LEXINGTON REALTY TRUST AND CONSOLIDATED SUBSIDIARIES
NOTES TO CONDENSED CONSOLIDATED FINANCIAL STATEMENTS
September 30, 2016 and 2015
(Unaudited and dollars in thousands, except share/unit and per share/unit data)
| |
(1) | The Company and Financial Statement Presentation |
Lexington Realty Trust (together with its consolidated subsidiaries, except when the context only applies to the parent entity, the “Company”) is a Maryland real estate investment trust (“REIT”) that owns a diversified portfolio of equity and debt investments in single-tenant commercial properties. A majority of these properties are subject to net or similar leases, where the tenant bears all or substantially all of the costs, including cost increases, for real estate taxes, utilities, insurance and ordinary repairs. However, certain leases provide that the landlord is responsible for certain operating expenses.
The Company believes it has qualified as a REIT under the Internal Revenue Code of 1986, as amended (the “Code”). Accordingly, the Company will not be subject to federal income tax, provided that distributions to its shareholders equal at least the amount of its REIT taxable income as defined under the Code. The Company is permitted to participate in certain activities historically prohibited for REITs in order to maintain its qualification as a REIT, so long as these activities are conducted in entities which elect to be treated as taxable REIT subsidiaries (“TRS”) under the Code. As such, the TRS are subject to federal income taxes on the income from these activities.
As of September 30, 2016, the Company had ownership interests in approximately 200 consolidated real estate properties, located in 40 states. The properties in which the Company has an interest are leased to tenants in various industries.
The Company conducts its operations either directly or indirectly through (1) property owner subsidiaries and lender subsidiaries, which are single purpose entities, (2) an operating partnership, Lepercq Corporate Income Fund L.P. (“LCIF”), in which the Company is the sole unit holder of the general partner and the sole unit holder of the limited partner that holds a majority of the limited partner interests, (3) a wholly-owned TRS, and (4) investments in joint ventures. References to “OP units” refer to units of limited partner interests in LCIF. Property owner subsidiaries are landlords under leases for properties in which the Company has an interest and/or borrowers under loan agreements secured by properties in which the Company has an investment and lender subsidiaries are lenders under loan agreements where the Company made an investment in a loan asset, but in all cases are separate and distinct legal entities. Each property owner subsidiary is a separate legal entity that maintains separate books and records. The assets and credit of each property owner subsidiary with a property subject to a mortgage loan are not available to creditors to satisfy the debt and other obligations of any other person, including any other property owner subsidiary or any other affiliate.
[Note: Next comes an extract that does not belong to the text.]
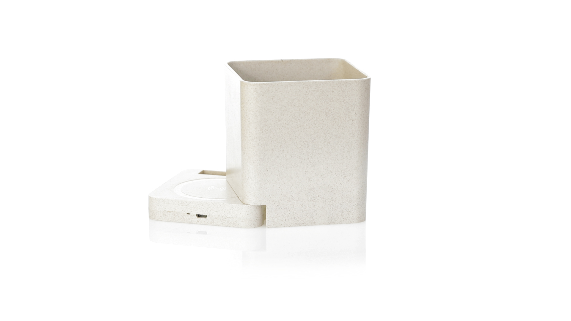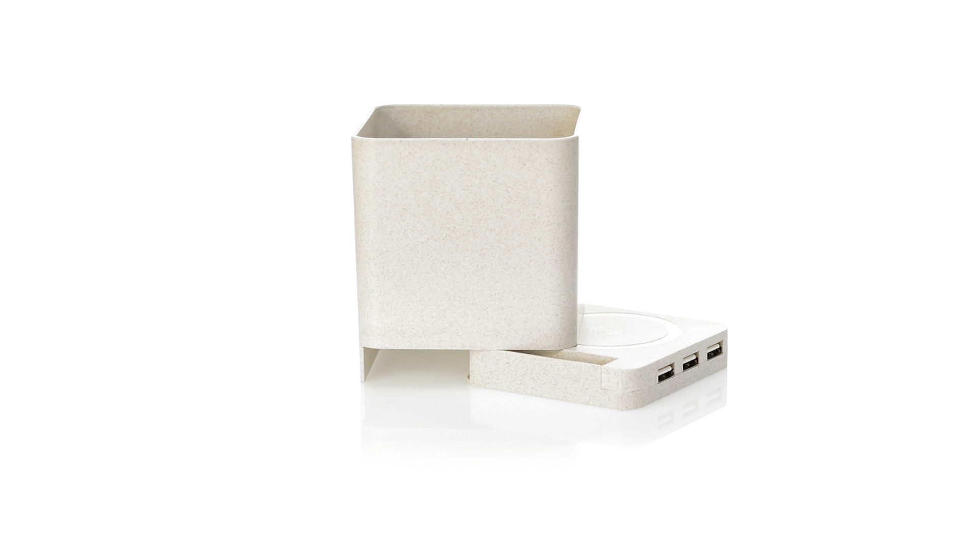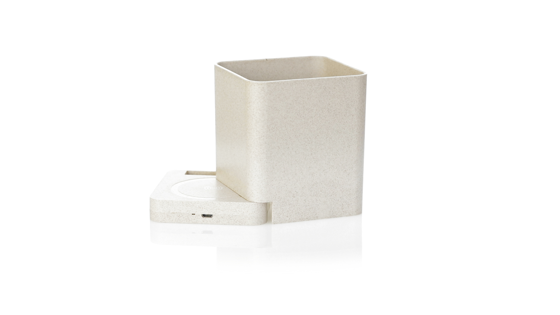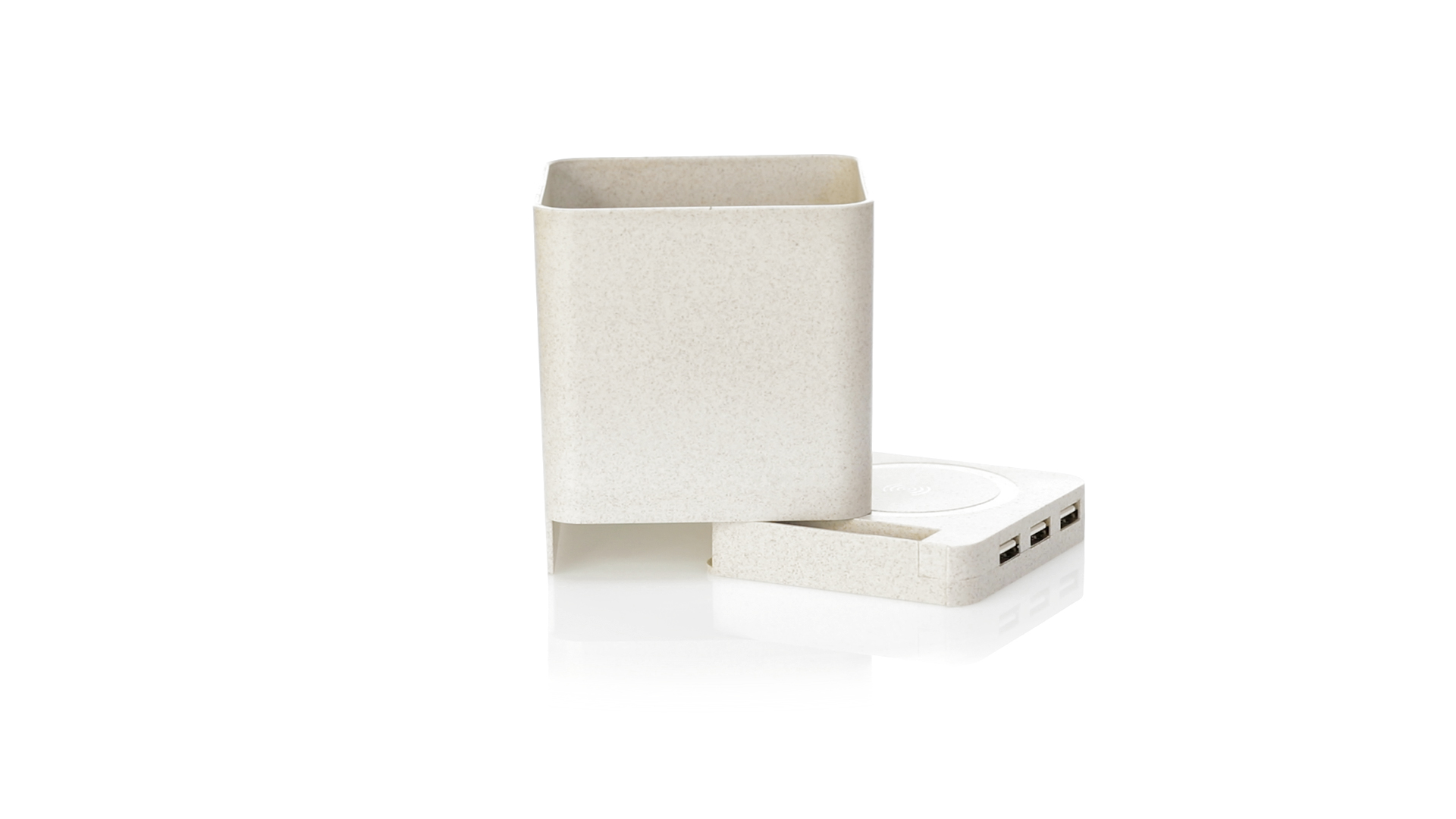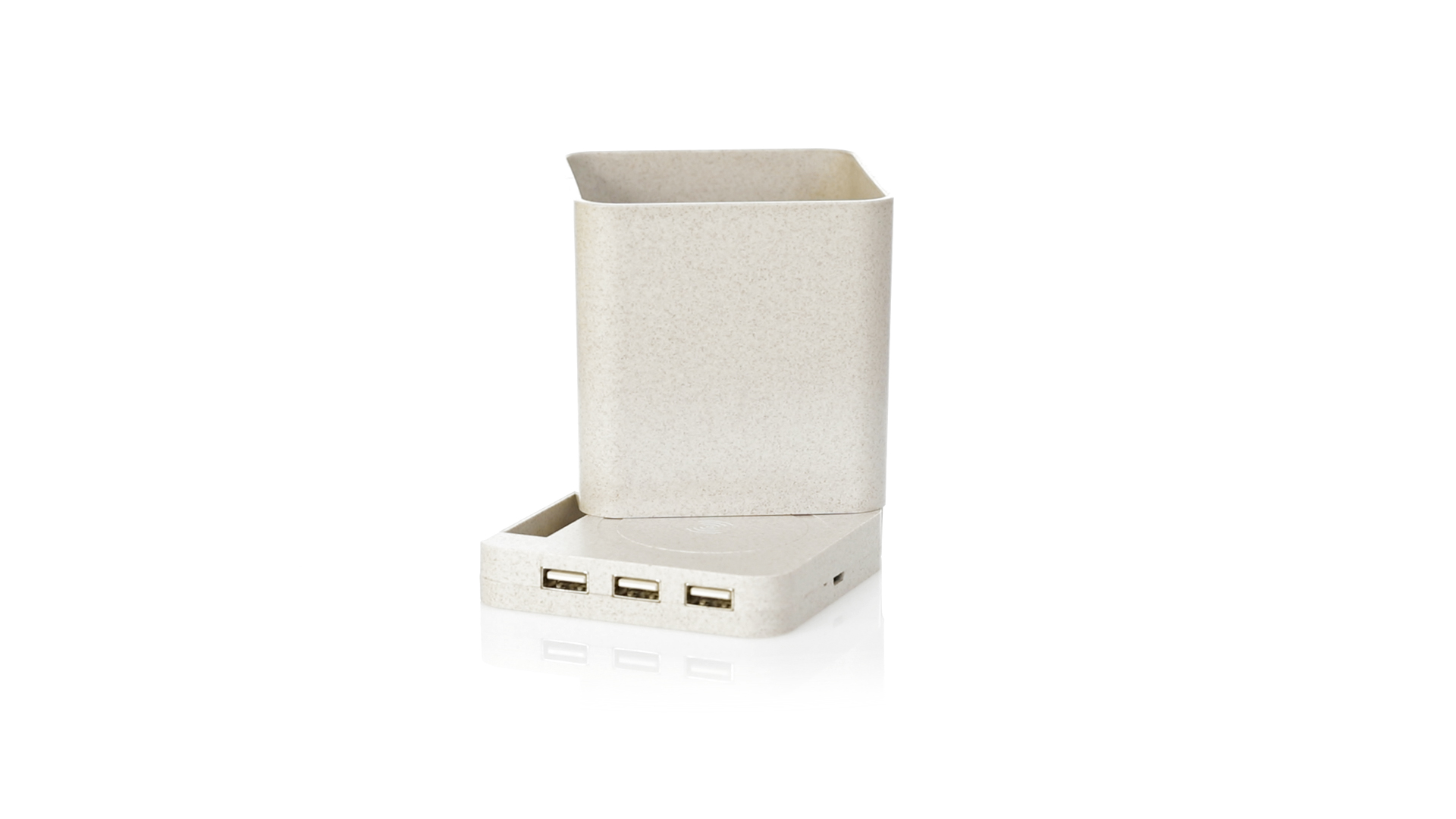 4 in 1 Multifunktionsstifthalter aus unserer Naturlinie. Hergestellt aus Weizenstroh, um die Verwendung natürlicher Rohstoffe zu fördern und Schadstoffemissionen zu reduzieren.Mit Stifthalter, Smartphone-Halter, drahtlosem Ladegerät und USB-Port (3xUSB 2.0) Funktionen. Kompatibel mit Smartphones, die mit drahtloser Ladetechnologie ausgestattet sind. Inklusive 1 Meter langem, weissem Mikro-USB-Kabel. Präsentiert in einer attraktiven Ökodesign-Box. Bedienungsanleitung in Spanisch und Englisch erhältlich.

Consolidated entities that are not property owner subsidiaries do not directly own any of the assets of a property owner subsidiary (or the general partner, member or managing member of such property owner subsidiary), but merely hold partnership, membership or beneficial interest therein, which interests are subordinate to the claims of such property owner subsidiary's (or its general partner's, member's or managing member's) creditors.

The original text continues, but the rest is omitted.